Diese Lernprozesse verlaufen inzwischen on- und off-the-job, setzen neue didaktische Methoden voraus (z. B. Blended Learning, Gamification), erfordern spezifische technische Vorrichtungen (AR/VR, digitale Zwillinge) und umfassen sowohl fachspezifische als auch fachfremde Kenntnisse. Letztere erfordern meistens grössere Lernanstrengungen, weil sie ausserhalb des angestammten Fachbereichs liegen. Diese Fülle an Neuigkeiten in Bezug auf Weiterbildungen lässt sich schwer überblicken, geschweige denn kompetent umsetzen. Deswegen führen grössere Organisationen zunehmend die Figur des Learning Officers ein. Für kleinere Organisationen stellen Branchen- und Berufsverbände erste Ansprechpartner dar, wenn sie ihre Mitglieder aktiv und zukunftsorientiert sowohl mit eigenen Weiterbildungsangeboten als auch mit einer Selektion passender Partnerschaften zu Bildungsinstitutionen unterstützen wollen.

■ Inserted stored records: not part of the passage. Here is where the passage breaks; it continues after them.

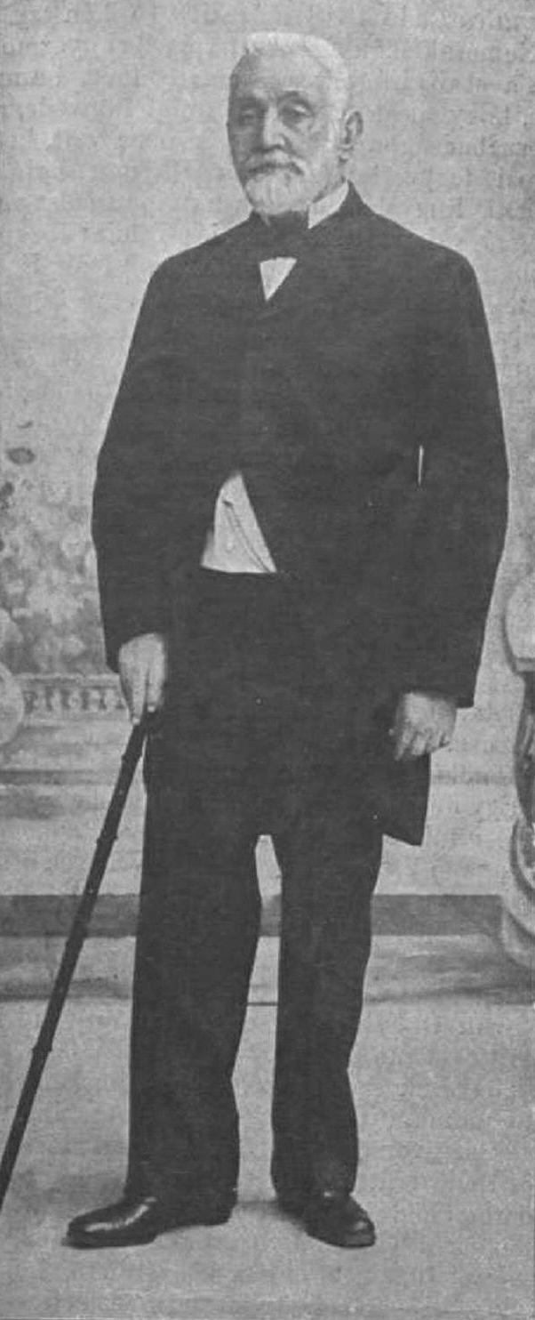 János Czetz
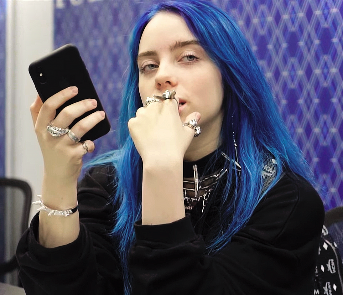 American singer and songwriter Billie Eilish in 2018.
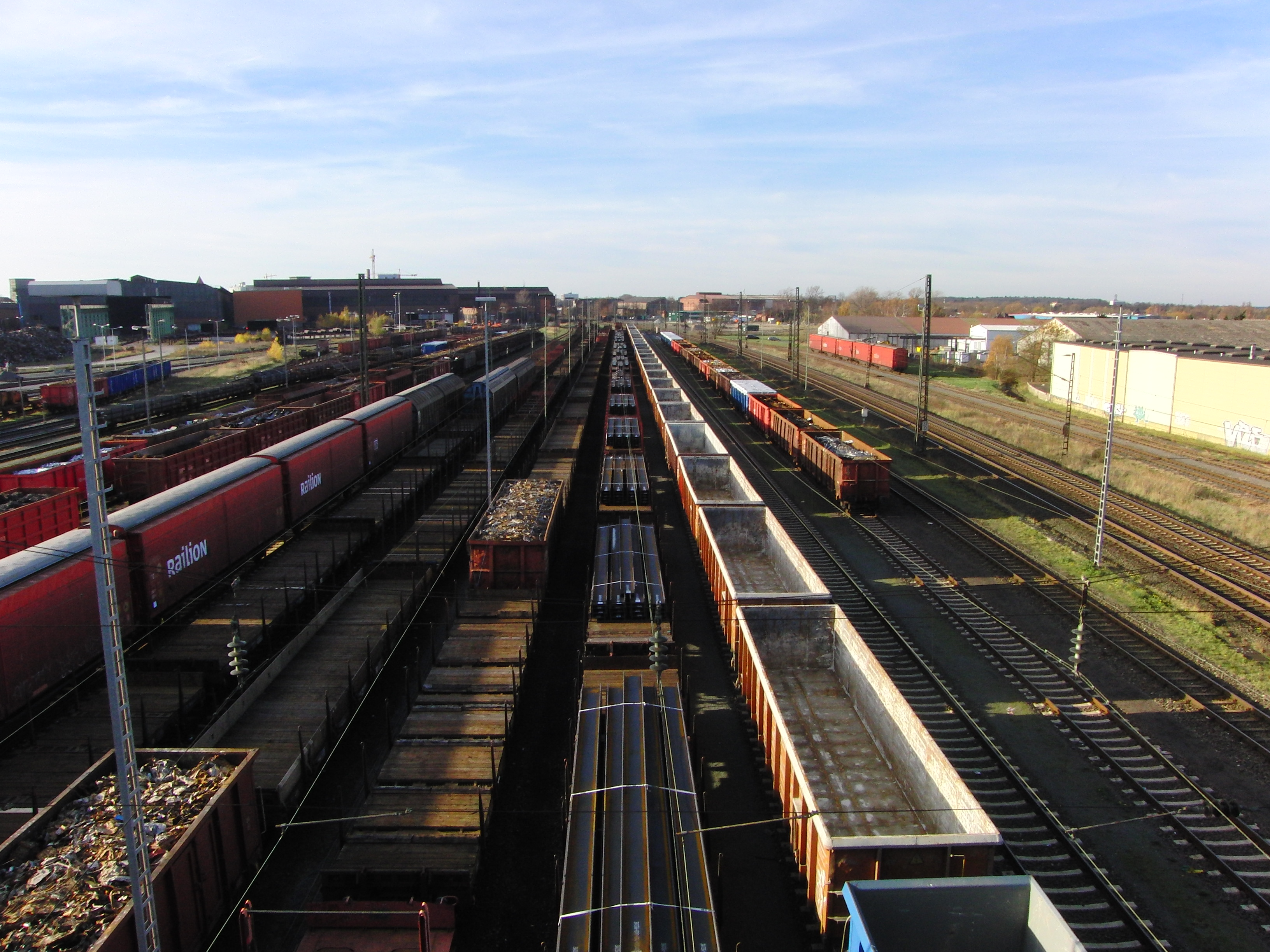 Rail yard of the Verkehrsbetriebe Peine Salzgitter as seen from the Stahlwerkbrücke, view to NW

3. Ökosysteme berücksichtigen
Um die nächste Perspektive einzuführen, beziehen wir uns auf Anwendungen von Industrie 4.0 in ihrer ausgedehntesten Ausprägung, wie die Entwicklung und die Produktion von Elektroautos oder von brennstoffzellgetriebenen Fahrzeugen oder sogar die nicht mehr so futuristische Perspektive des autonomen Fahrens. Die Komplexität und der Anspruch solcher Vorhaben übersteigt die Umsetzungsmöglichkeiten eines jeden Konzerns bei weitem und erfordert eine Fülle an Kompetenzen, die in den verschiedensten Unternehmungen angesiedelt sind. Zusammengenommen bilden Letztere ein Ökosystem, sprich: ein «Netzwerk aus rechtlich unabhängigen, jedoch wirtschaftlich verbundenen Unternehmungen, die aufeinander angewiesen und doch miteinander im Wettbewerb sind, damit der erwartete beziehungsweise versprochene Kundennutzen zustande kommt» (Sablone; 2021).
Diese besondere Form der Zusammenwirkung wird auch Koopkurrenz (engl. Co-opetition) genannt. Mit diesem Begriff wird die duale Form der Interaktion zwischen Unternehmungen innerhalb eines Ökosystems bezeichnet, die sowohl den Wettbewerb als auch die Zusammenarbeit umfasst. Im Wettbewerb kämpfen Unternehmungen mit Konkurrenten, die ähnliche Produkte und Dienstleistungen anbieten. Ferner müssen sie auch gegenüber den Lieferanten und Kunden günstige Konditionen durchsetzen. Wenn sie über längere Zeit in beiden Hinsichten scheitern – sprich: gegenüber den Konkurrenten sowie den Lieferanten und Kunden – werden sie nicht weiterwirtschaften können.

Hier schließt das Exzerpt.